■ What the task asks: From the line that contains "DAY DREAM 20" down to the final line below, please repeat each line exactly and nothing more, with no pictures.

══ Records to process

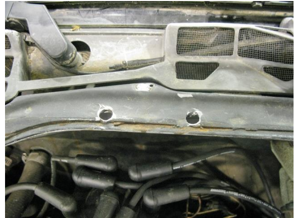
Figure 2 - Drill Mounting Holes
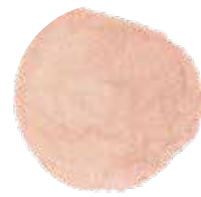
DAY DREAM 20 pumps Fringe Benefit 4 pumps Pearl 4 tiny Champagne Frost
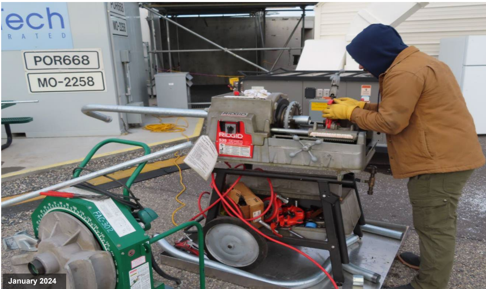
Following Tank-Side Cesium Removal System Campaign 1, workers are performing planned maintenance, including upgrading cameras inside the process enclosure.
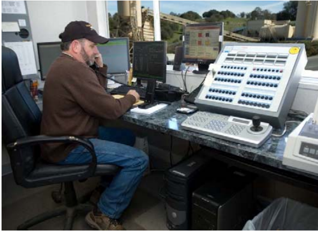
ALKON Tracking and Computerized Batching
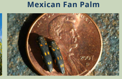
Gold Spotted Oak Borer
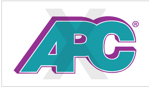
DO NOT CHANGE COLOUR

To ensure proper brand identity, the APC Auto Parts Centres logo must be used in its proper form at all times. The logo must maintain proper proportions at all times and remain proper colours, as well as adhere to other proper uses.
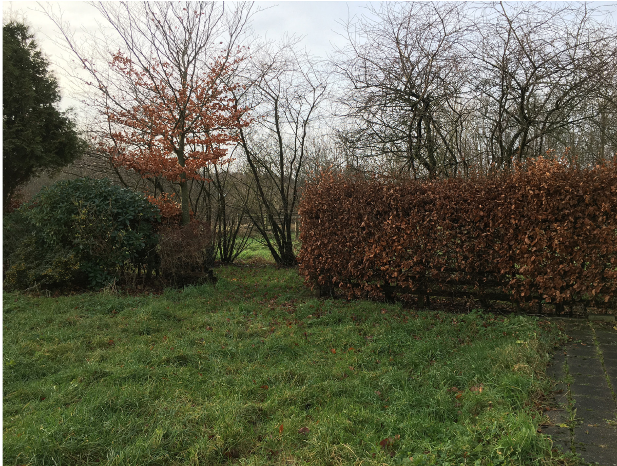
Fagus sylvatica hedgerow, fruit trees and Rhododendron varieties in the garden

════

■ Solution below:
DAY DREAM 20 pumps Fringe Benefit 4 pumps Pearl 4 tiny Champagne Frost
Following Tank-Side Cesium Removal System Campaign 1, workers are performing planned maintenance, including upgrading cameras inside the process enclosure.
ALKON Tracking and Computerized Batching
Gold Spotted Oak Borer
DO NOT CHANGE COLOUR

To ensure proper brand identity, the APC Auto Parts Centres logo must be used in its proper form at all times. The logo must maintain proper proportions at all times and remain proper colours, as well as adhere to other proper uses.
Fagus sylvatica hedgerow, fruit trees and Rhododendron varieties in the garden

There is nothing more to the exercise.